The Secretary-General believes that this project should not be affected by political and security considerations, the spokesperson added.

Mr. Ban has described the Kaesong Industrial Complex as a “successful example of inter-Korean cooperation which has promoted economic growth and served as a bridge between the two Koreas.”

The complex is located in the border town of Kaesong just across the Demilitarized Zone. It employs more than 53,000 citizens of the DPRK at 123 companies of the Republic of Korea (ROK), according to media reports.

Earlier this month, the DPRK banned personnel and goods from its southern neighbour from entering the facility, forcing the complex to suspend operations.

Today, the ROK Unification Ministry proposed working-level talks to resolve the humanitarian issues affecting workers in the complex and to normalize the Kaesong industrial zone.

Mr.
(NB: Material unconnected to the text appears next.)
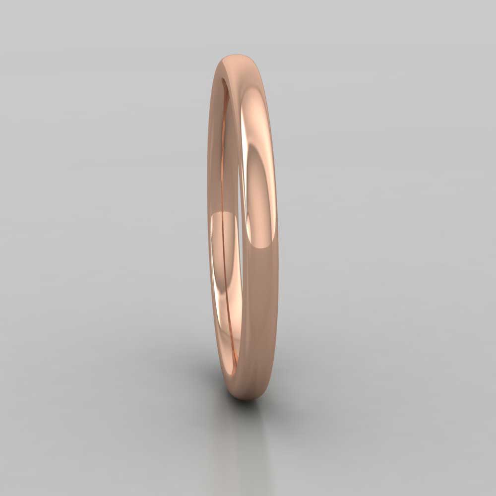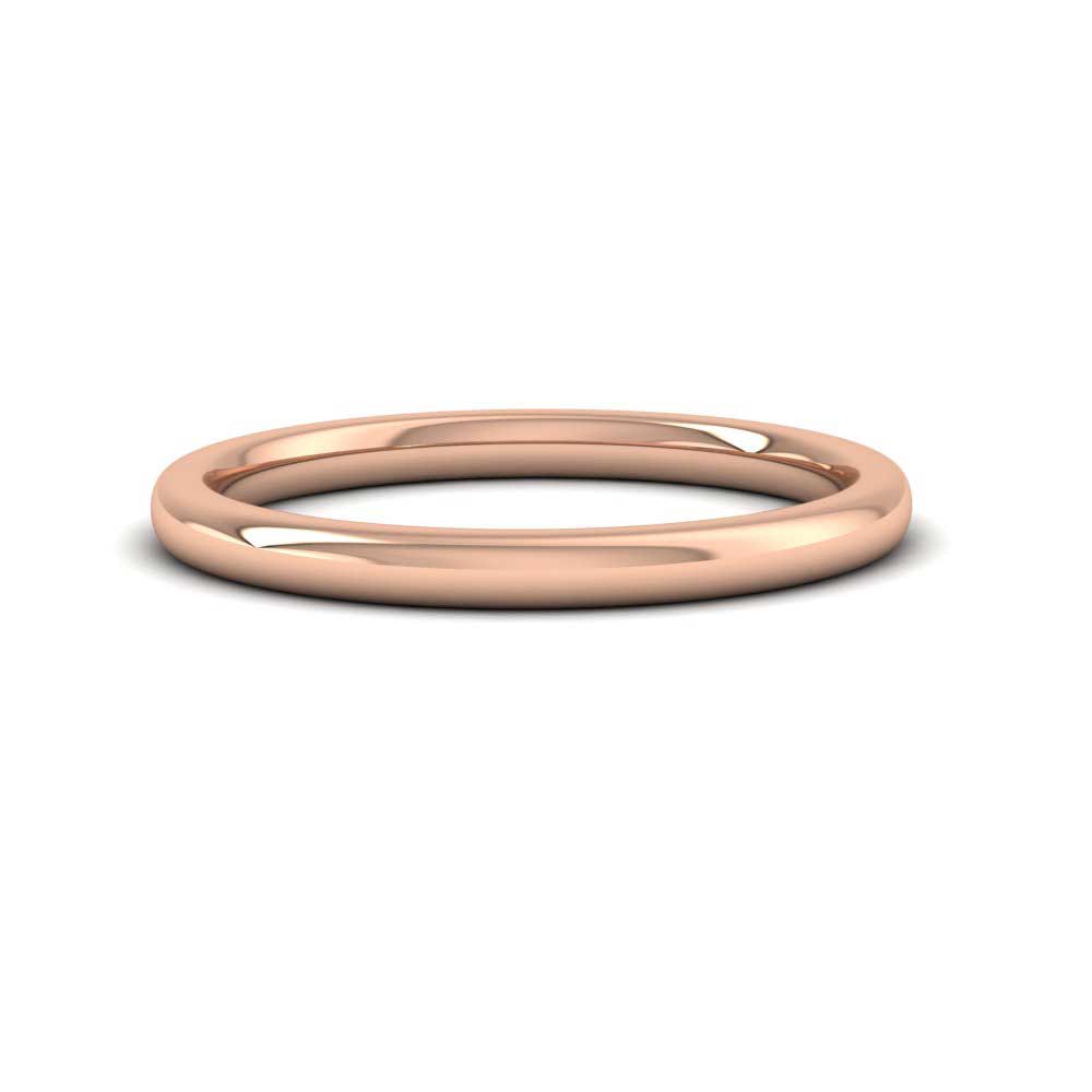 Narrow 2mm wide extra heavy weight 9ct rose gold wedding ring. This wedding band has a shallow curved outside profile softened rounded edges with a rounded shape inside for a softer and more comfortable feeling when worn. Sizes D-Z+6.

Ban’s spokesperson said in the statement that he “sincerely hopes the operation of the Complex can return to normal as soon as possible through dialogue.”

He reiterated that Mr. Ban has been closely following the situation on the Korean peninsula, and has sought to encourage dialogue between the two Koreas.

“He also appreciates the efforts of other concerned parties, including China, to this end,” the spokesperson said.

In February, the DPRK conducted its third, long threatened nuclear test, a move that was in violation of Security Council sanctions and drew widespread condemnation, including from Mr. Ban.

The test prompted the Security Council to tighten sanctions on the country’s trade and banking, as well as travel by targeted officials. The DPRK then reportedly said it was cancelling the 1953 Armistice Agreement that ended the Korean War.